I licked a spot on her shoulder, just below her neck. Coconut oil, I supposed. It tasted mainly of sweaty girl, with faint traces of coconut and something like chili. But Senemelia sighed and sucked her stomach in to help me undo the catch on the skirt. In a second or two it dropped to the floor.
The knickers were faded and a little worn at the waistband. She hadn’t expected to be taking them off in company. I pushed them down to her thighs. And, because no one could possibly resist Senemelia’s perfect bubble butt, I smacked her arse. “Bed,” I said.
I live in a village of about 7,000 people. I checked some demographic information when I was thinking of buying a place here. The population is mostly people of Scottish and German descent. I used to find it weird, after living in the city, how seldom I see brown or black people round the village, except those who’ve come up to the mountains as tourists.

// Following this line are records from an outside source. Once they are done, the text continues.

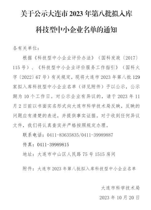 大连市2023年第8批拟入库科技型中小企业名单公示正文.jpg PICTURE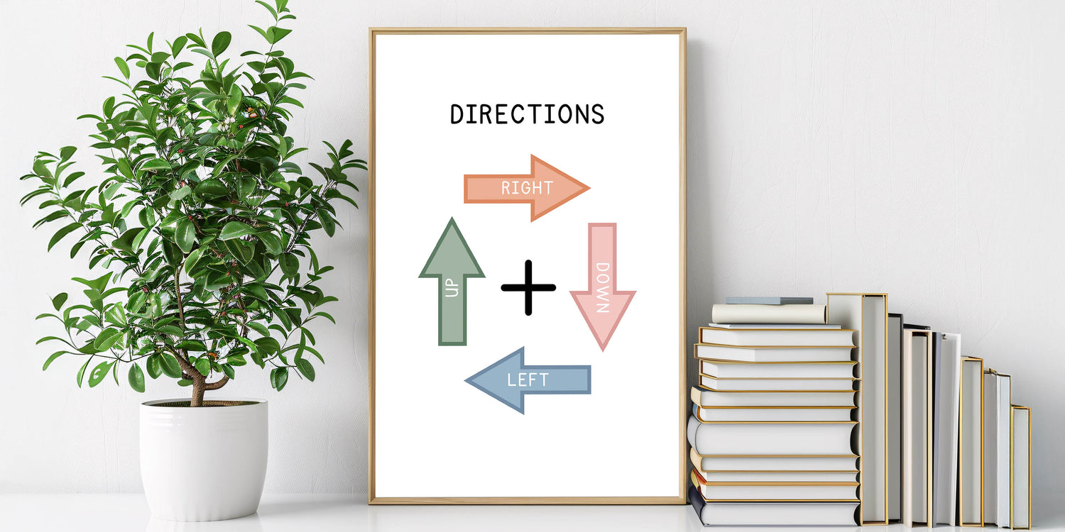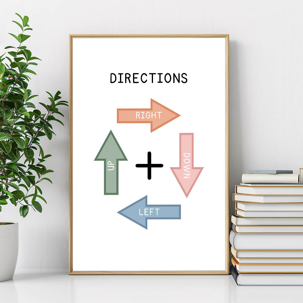 Directions Typography Art Print – Up, Down, Left, Right Wall Art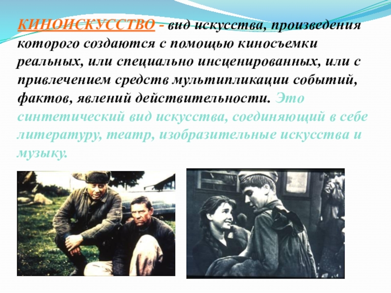 Слайд 22КИНОИСКУССТВО - вид искусства, произведения которого создаются с помощью киносъемки реальных,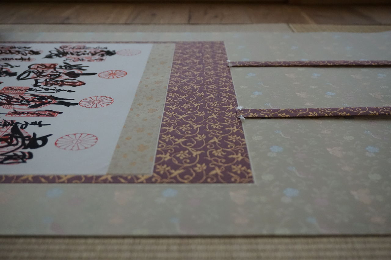 2017年09月21日 女性的な掛軸(西国三十三ヶ所霊場) 掛軸は、表具の色味によって大きく印象を変えることができます。故に、本紙(ご朱印軸)と表具のバランスを気をつけないと、残念な掛軸になってしまいます。ご依頼主の好みと僕のスパイスで本紙に相応しい、表具の取り合わせをすることが一番の理想です。だから、表装カタログ通りの掛軸は、機械的に見えてしまいがちです、、、今回の掛軸は、ご依頼主の奥様の好みと表具のバランスがとても合った、品の良い仕立てになりました。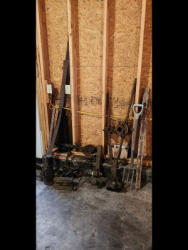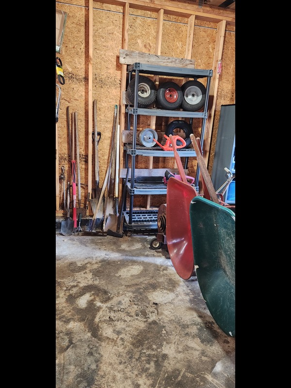 Yard and Garden Tools. Steel wheelbarrow; plastic wheelbarrow; Air Rake yard blower (rusty but working last autumn per client); Chicago Electric 14" chain saw; B&D 17" hedge trimmer TR1700; three wheelbarrow tire and three rims; tractor tire 15x6.00 on 7" rim; assorted long-handle tools; five-shelf plastic rack, 3'Wx18"Dx78"H. See photos for details. Located in the garage.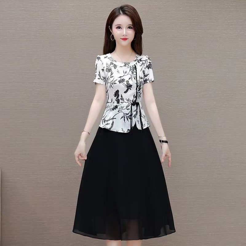 新しい中国風の偽ツーピースドレス夏の新しいウエスト痩身マザーズウェア大きな裾スカート半袖プリント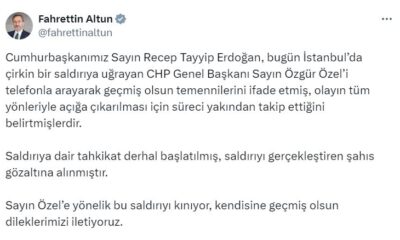 İletişim Başkanı Altun: Cumhurbaşkanımız Sayın Recep Tayyip Erdoğan, bugün İstanbul’da çirkin bir saldırıya uğrayan CHP Genel Başkanı Sayın Özgür Özel’i telefonla arayarak geçmiş olsun temennilerini ifade...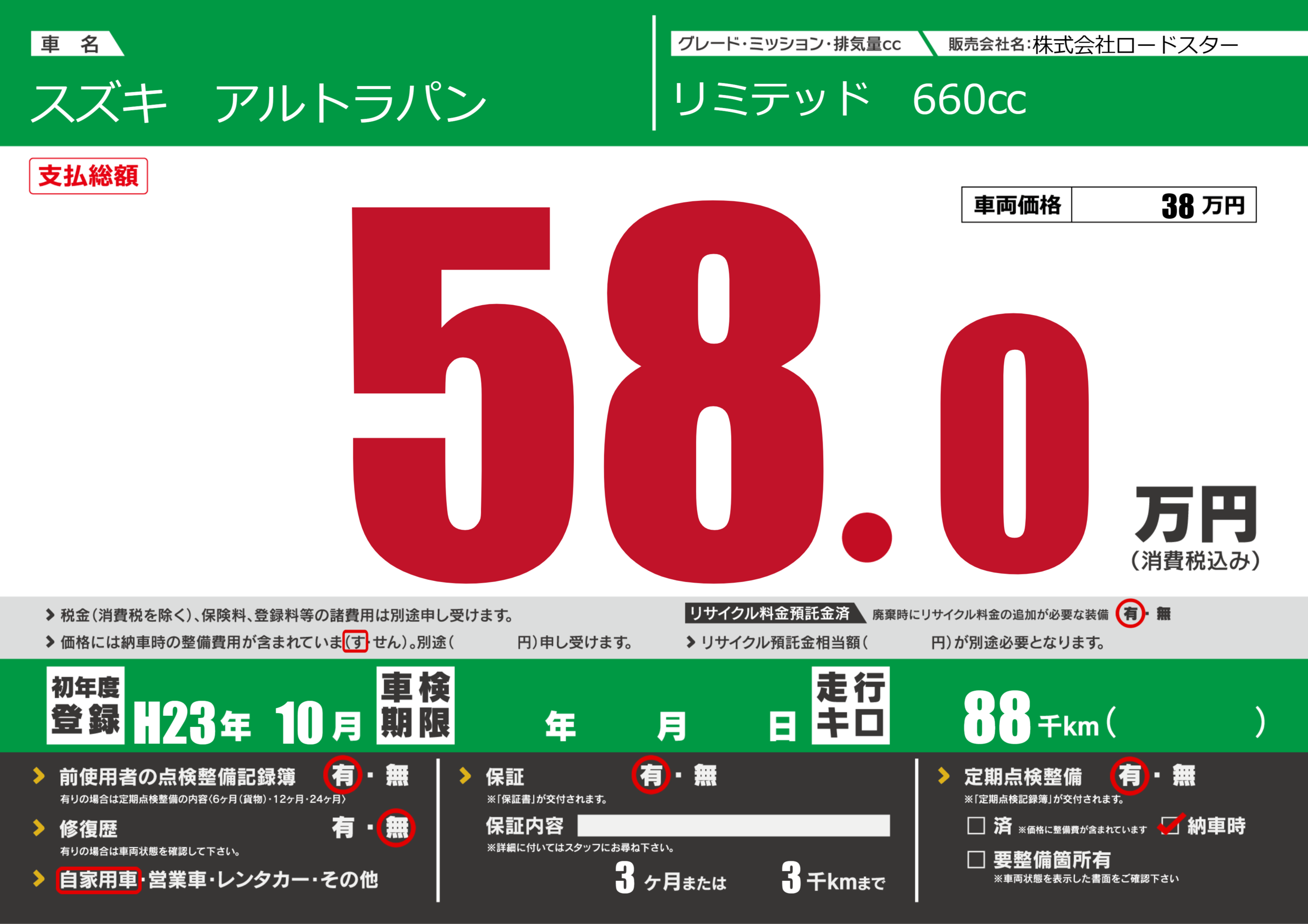 | 走行キロ | 8.8万km | 初年度登録 | H23年10月 |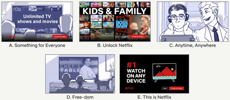 We learned that concepts that were more informative about Netflix's service performed better. Also, showcasing the breadth of content helped participants better understand Netflix. A range was more compelling than a significant focus on a particular popular title.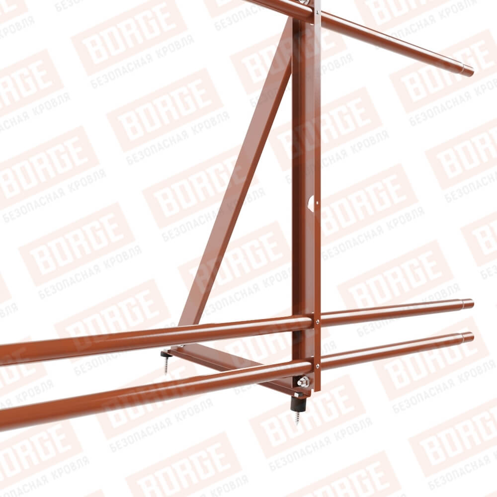 Ограждение кровельное Русский Рубеж H-90см, 3м, с двумя доп. трубами, для кровли из металлочерепицы, профнастила, материалов на основе битума, терракотовый (RAL 8004)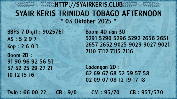 Prediksi Syair Keris Jitu Trinidad Tobago Afternoon Jumat, 03 Oktober 2025
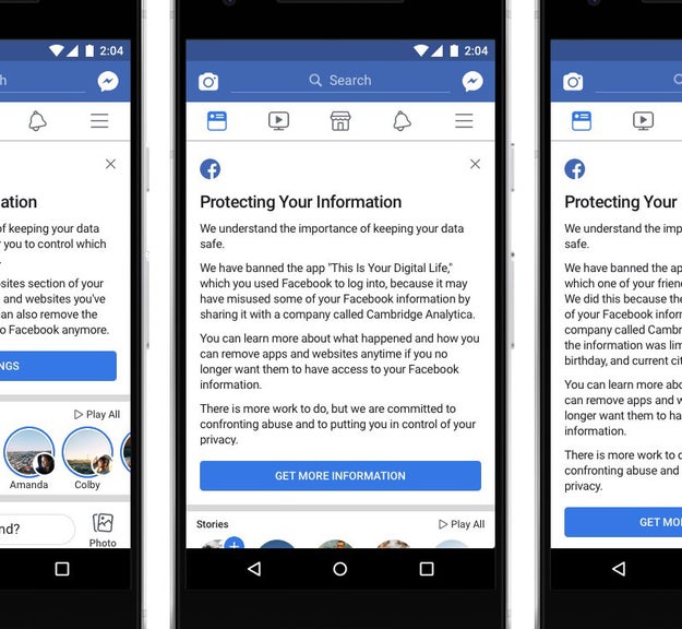 Messages sent to Facebook users whose data was improperly shared with Cambridge Analytica.

I’ve got used to it, though it does mean there’s no decent Indian, Thai, Vietnamese, Chinese or Lebanese food for about 100 kilometers in any direction.
A really high proportion of the people up here are single mothers. The single mothers are here because of the property prices: you can afford to live up here, with a bedroom or two for the kids, after a divorce or separation. And there’s a single mother’s mafia, a network who get each other bargains, and swap garden produce, clothes and that sort of thing, to keep living costs down.
Also, according to Neil Young so it must be true, welfare mothers make better lovers.(It’s a great song, by the way, and I recommend the version on Weld. If you ever wondered, “how much noise can Crazy Horse really make?”, this demonstrates that the answer is, “More than you could ever imagine, in your wildest dreams.”)
There’s a temptation to go all man-of-the-world when you hear bumper stickers like that: ah, yes, that welfare mother, the colours her face turns when you’re in her bed and the kids are in theirs, just a wall away, and she’s trying to suppress orgasmic screams. Her sexual abandonment and need, when you’re just got an hour left before the kids get back from school.
She has various kinds of wisdom, that come from having loved and had to leave a man, and another kind that comes with responsibility for children, that lead to a willingness to see the world and people as they are. That’s sexy too.
The man of the world says something like this, and he sighs with pleasurable reminiscence. He has a sip of whisky, breathes out and says, again, “Ahhh, yes.” I could do that. I’ve even got a library with a leather armchair.
But it’s bullshit, of course. Not because single mothers aren’t great lovers. But then, you could make up just as reasonable a story about nurses, or teachers, or librarians making better lovers. It’s one of those statements that sounds like knowledge but doesn’t really mean anything.
I’ve never known a woman bank middle-manager, or travel agent or public service policy writer, who wasn’t a brilliant lover. I guess I’m just not a man of the world.